Trends and life lessons
These Tjukurpa stories are not regarded as dry history. Often,
there is a moral lesson to be taught, and during initiation ceremonies
young Anangu are introduced to the deeper meanings of the ancestral
stories. In the Mita and Lunkata story, the antisocial behavior of the
Blue-Tongued Lizard men illustrates what people think of those who refuse
to divide meat with those entitled to share it, although the consequences
were more dramatic than they might be in everyday life. The ancient
stories teach the many crosscutting economic, political, and religious
obligations associated with the Tjukurpa stories that form the basis for
aboriginal law.
The ancestors who appear in the inma are described as men and
women: They used tools and weapons, but they also behaved in ways
illuminated by their animal counterparts.
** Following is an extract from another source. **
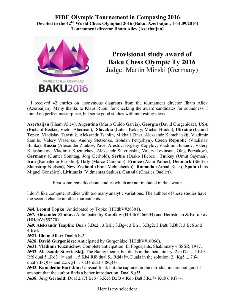 FIDE Olympic Tournament in Composing 2016 Devoted to the 42nd World Chess Olympiad 2016 (Baku, Azerbaijan, 1-14.09.2016) Tournament director Ilham Aliev (Azerbaijan) Provisional study award of Baku Chess Olympic Ty 2016 Judge: Martin Minski (Germany) I received 42 entries on anonymous diagrams from the tournament director Ilham Aliev (Azerbaijan). Many thanks to Klaus Rubin for checking the award candidates for soundness. I found no perfect masterpiece, but some good studies with interesting ideas. Azerbaijan (Ilham Aliev), Argentina (Mario Guido García), Georgia (David Gurgenidze), USA (Richard Becker, Victor Aberman), Slovakia (Lubos Kekely, Michal Hlinka), Ukraine (Leonid Topko, Vladislav Tarasiuk, Aleksandr Tsaplin, Mikhail Zinar, Aleksandr Kamchatskij, Vladimir Samilo, Valery Vlasenko, Andrey Stetsenko, Bohdan Petryshyn), Czech Republic (Vladislav Bunka), Russia (Alexander Zhukov, Pavel Arestov, Evgeny Kopylov, Vladimir Bulanov, Valery Kalashnikov, Vladimir Kuzmichev, Aleksandr Stavrietskij, Valery Levinson, Oleg Pervakov), Germany (Gunter Sonntag, Jörg Gerhold), Serbia (Darko Hlebec), Turkey (Umut Sayman), Iran (Kamaledin Barikbin), Italy (Marco Campioli), France (Alain Pallier), Denmark (Steffen Slumstrup Nielsen), New Zealand (Emil Melnichenko), Romania (Arpad Rusz), Spain (Luis Miguel González), Lithuania (Vidmantas Satkus), Canada (Charles Ouellet). First some remarks about studies which are not included in the award: I don’t like computer studies with too many analytic variations. The authors of these studies have the second chance in other tournaments. №4. Leonid Topko: Anticipated by Topko (HHdbV#26301). №7. Alexander Zhukov: Anticipated by Korolkov (HHdbV#66604) and Herbstman & Korolkov (HHdbV#59270). №9. Aleksandr Tsaplin: Duals 3.Be2 ; 3.Bd1; 3.Bg4; 3.Bh1; 3.Bg2; 3.Ba8; 3.Bb7; 3.Bc6 and 4.Be4. №21. Ilham Aliev: Dual 6.b4!. №28. David Gurgenidze: Anticipated by Gurgenidze (HHdbV#16066). №31. Vladimir Kuzmichev: Complete anticipation: E. Pogosjants, Shakhmaty v SSSR, 1977. №32. Aleksandr Stavrietskij: The Banny theme, but duals in the thematic try: 2.exf7? ... 5.Kb3 Rf6 dual 5...Rd3+!= and ... 5.Kb4 Rf6 dual 5...Rd4+!=. Duals in the solution: 2...Kg5 ... 7.f4+ dual 7.f8Q!+- and 2...Kg4 ... 7.f3+ dual 7.f8Q!+-. №33. Kamaledin Barikbin: Unusual final, but the captures in the introduction are not good. I am sure that the author finds a better introduction. Dual 8.g5! №38. Jörg Gerhold: Dual 2.a7! Bc6+ 3.Ke5 Bxf3 4.Kd6 Ba8 5.Rc7+ Kd8 6.Rf7+-. Here is my selection: №35. Steffen Slumstrup Nielsen (Denmark) Baku Chess Olympic ty 2016 1st Prize Draw (=) 6+6 1.Kg6 Rc6+ [1...Nf4+ 2.Kxh6 Rc6+ 3.Qd6!+-] 2.Bd6 [2.f6? Qxc7; 2.Bf6+? Rxf6+ 3.Kxf6 Qb6+] 2...Nf4+ 3.Kxh6 Ne6! [3...Ne2 4.c8Q+ Rxc8 5.Be5+ Qg7+ 6.Bxg7#; 3...Nd3 4.Qxd3 Qa1 eg 5.Kh5=] 4.Qxb3 [4.Be5+? Ng7+; 4.fxe6? Qe3+ 5.Kh5 Qxe6] 4...Qxc7 5.Bxc7 Nd4+ [or 5...Nc5+] 6.Qe6! [6.f6? Nxb3 7.Be5 Nc5!-+] 6...Nxe6 [6...Nxf5+ 7.Kg6 (7.Kg5) ] 7.Be5+ Ng7+ 8.f6 Ne6! [8...Nf5+ 9.Kg5; 8...Ne8 9.Kg5; 8...Ra6 9.Kg6] 9.f7+ [9.Bb2? Nf8] 9...Ng7+ 10.Kg5 Kxh7 11.f8N+! [11.f8Q? Ne6+ -+]=. Impressive flow of black and white counterplay with spectacular Queen sacrifices, crosschecks and a Knight underpromotion. Autor: "At move eight piece A unpins piece B, which immediately unpins piece A." There is a study by Richter (HHdbV#40043), but I think that this is not a real anticipation. №18. Evgeny Kopylov (Russia) Baku Chess Olympic ty 2016 2nd Prize Win (+) 10+5 1.Re4+ [1.e8Q+? Rxe8 2.Re4+ Kf7 3.Re7+ Rxe7 4.Nxe7 Qc3+!=] 1...Kf7! [1...Kd5 2.e8Q Rxe8 3.Rxe8+-; 1...Kd7 2.f7 Rb3+ 3.Kg2+-] 2.Nh6+! [2.Nc6? Qc3+ 3.e3 Rxg8–+; 2.e8Q+? Rxe8 3.Re7+ Rxe7 4.Nxe7 Qc3+=] 2...Qxh6 [2...Kxf6 3.g8Q+-] 3.Nc6! [3.e8Q+? Rxe8 4.Rxe8 Qh5+ 5.Kg2 Qd5+ 6.Kxh2 Kxe8=] 3...Qh5+ [3...Re8 4.Ne5+ Kxf6 5.g8N+ Rxg8 6.Ng4++-] 4.g4 [4.Kg2? Re8–+] 4...Qxh4 [4...Qd5 5.Nxb8+-] 5.Nd8+ Rxd8 [5...Kxf6 6.e8N+!+- Another knight 6...Kg5 7.Nf7#] 6.exd8N+! [6.exd8Q?? Qg3#] 6...Kxf6 [6...Kg8 7.Re8++-] 7.g5+! Qxg5 8.g8N+! Double Phoenix! [8.g8Q?? Qg3#] 8...Kf5 [8...Kg7 9.Ne6++-] 9.Re5+!! [9.Ne7+? Kf6 10.Re6+ Kg7 11.Rxg6+ Qxg6 12.Nxg6 Kxg6=] 9...Bxe5 [9...Kxe5 10.Nf7+ Kf5 11.e4+ Ke6 12.Nxg5++-] 10.e4#! Ideal mate by pawn in the middle of the board with two self-blocks and two promoted PhoenixKnights. In comparison to the 1st prize no black counterplay. №37. Luis Miguel González (Spain) Baku Chess Olympic ty 2016 3rd Prize Win (+) 5+4 1.g7+ [1.Rc8+? Qxc8 2.g7+ Kh7 3.Bxc8 Rf1! 4.Bb7 Rf7 5.Be4+ Kg8 6.Bd5 Kh7 7.Bxf7 stalemate] 1...Kh7 2.Bf5+ Kg8 3.Rc8+ Qxc8 4.Bxc8 Rd1+ 5.Ke5 [5.Ke4? Re1+ 6.Kd5 Kf7] 5...Re1+ 6.Kf6! [6.Kd6? Kf7 7.Bb7 Re6+ 8.Kc5 Re8 9.Bc6 Rd8 10.Bd5+ Kg6 11.Nf4+ Kh7 12.Be4+ Kg8 13.Nh5 Kf7 14.Bd5+ Kg6= positional draw] 6...Rf1+ 7.Bf5! [7.Kg6? Rg1+ 8.Kxh6 Rg6+ 9.Kxg6 stalemate] 7...Rf2 8.Ke5 Re2+ 9.Be4! [9.Kd6? Kf7!=] 9...Kf7 10.Kd4! [loss of time 10.Kf4 Rd2! 11.Bg6+ Kg8 12.Bf5 Rf2+ 13.Ke5] 10...Rd2+ 11.Bd3! [11.Kc5? Rd8=] 11...Rd1 12.Kc3! Rc1+ 13.Bc2! Rg1 14.Bb3+ wins. Amazing systematic movement. Compare with Dobrescu (HHdbV#36369) and Krug & Garcia (HHdbV#01318), but this is not the same pattern. №13. Darko Hlebec (Serbia) Baku Chess Olympic ty 2016 Special prize BTM, Draw (=) 10+10 1...Ne6+! [1...Ra4+ 2.Bb4! Rxb4+ 3.Kc3 a2 4.exf8Q+ Be8 5.Qxe8+! Nxe8 6.exf5=] 2.Nxe6 Qxe4+! 3.Rxe4 a2 4.e8Q+ [4.Rxd6? a1Q+–+ 5.Kd5 Bxe4+–+] 4...Bxe8 5.Rxd6 a1Q+ Phoenix 6.Kd5 Qa2+ 7.Nc4 Rd1+ 8.Bd4 [8.Nd4? Bf7+ 9.Rde6 gxh1Q–+] 8...Ra5+ 9.Nc5 Bf7+ 10.Rde6 [10.Kc6? Rxc5+!–+] 10...gxh1Q [10...Bxe6+ 11.Kxe6 Qxc4+ 12.Kxf6 Ra6+ 13.Nxa6 Qxa6+ 14.Kg7 Qb7+ 15.Kf8 Qxe4 16.Qh3+=; 10...gxh1R 11.Kd6 Ra6+ 12.Nxa6 Qxa6+ 13.Ke7 Qb7+ 14.Kxf6 Rh6+ 15.Kg5 Rxe6 16.Nd6+ Rxd6 17.Qxd6 Qxe4 18.Qc5+!=] 11.Qc7+!! Kxc7 stalemate. Ideal stalemate on five pinned pieces. An impressive task record. Unfortunately, the play is not optimum. Is there really no better introduction? №14. Victor Aberman (USA) Baku Chess Olympic ty 2016 1st honourable mention Win (+) 4+4 1.h5 Nc5 2.Kf3 [2.h6? Ne4+ 3.Kg2 Be5 4

Another tale, for example, tells
of the Possum ancestor who steals two Carpet Snake girls from Uluru and
ties them up with a love song in the same way he clings to branches with
his curling tail.
The worldview expressed in the narratives gives meaning to many
aspects of traditional social life. The creation period is remembered as
an age when the consequences of the heroes' behavior established the form
of the everyday world. So the dilemma of the Mala community of
Uluru--having to refuse to help the men from the west prepare for their
dances--is said to explain why today men from Uluru and Kikingkura wear
different kinds of body decoration. And when the Two Boys quarreled over
the water that one, through his selfishness, concealed, they created a
division in language. It was the selfish boy who first spoke a different
dialect.
The characters of the Tjukurpa form the aboriginal pantheon. It is
a pragmatic community of individuals with different personalities and
temperaments. Soon after birth, a new arrival to the Anangu is associated
with a specific ancestral being. The identity is based partly on the
birthplace and partly on the child's perceived character. Long family
trees are not found in this society, but by giving each individual a
personal dreaming, the community reaffirms its links to the past and
constantly re-creates the ancestral world. On death, a person becomes his
dreaming. To die and be buried in one's own country ensures that this will
occur.
The idea that ancestral beings shaped the landscape is known to
many white Australians through the awareness of sacred sites. It is
possible to think of the features at such sites as a living record of the
ancestral saga, because a particular being leaves a visible imprint of his
activities at a series of locations. Aboriginal people can point to them,
saying, here is the Blue-Tongued Lizard men's shelter, here is the emu
meat. These stories of the mythical past are expressed in all forms of
aboriginal culture. They are the core of ceremonial life, the theme of
ritualistic songs, the subject of their art. In these ways, the Aborigines
of Uluru keep alive the ties that bind them so closely to the rock, the
great monolith under whose shadow they were born.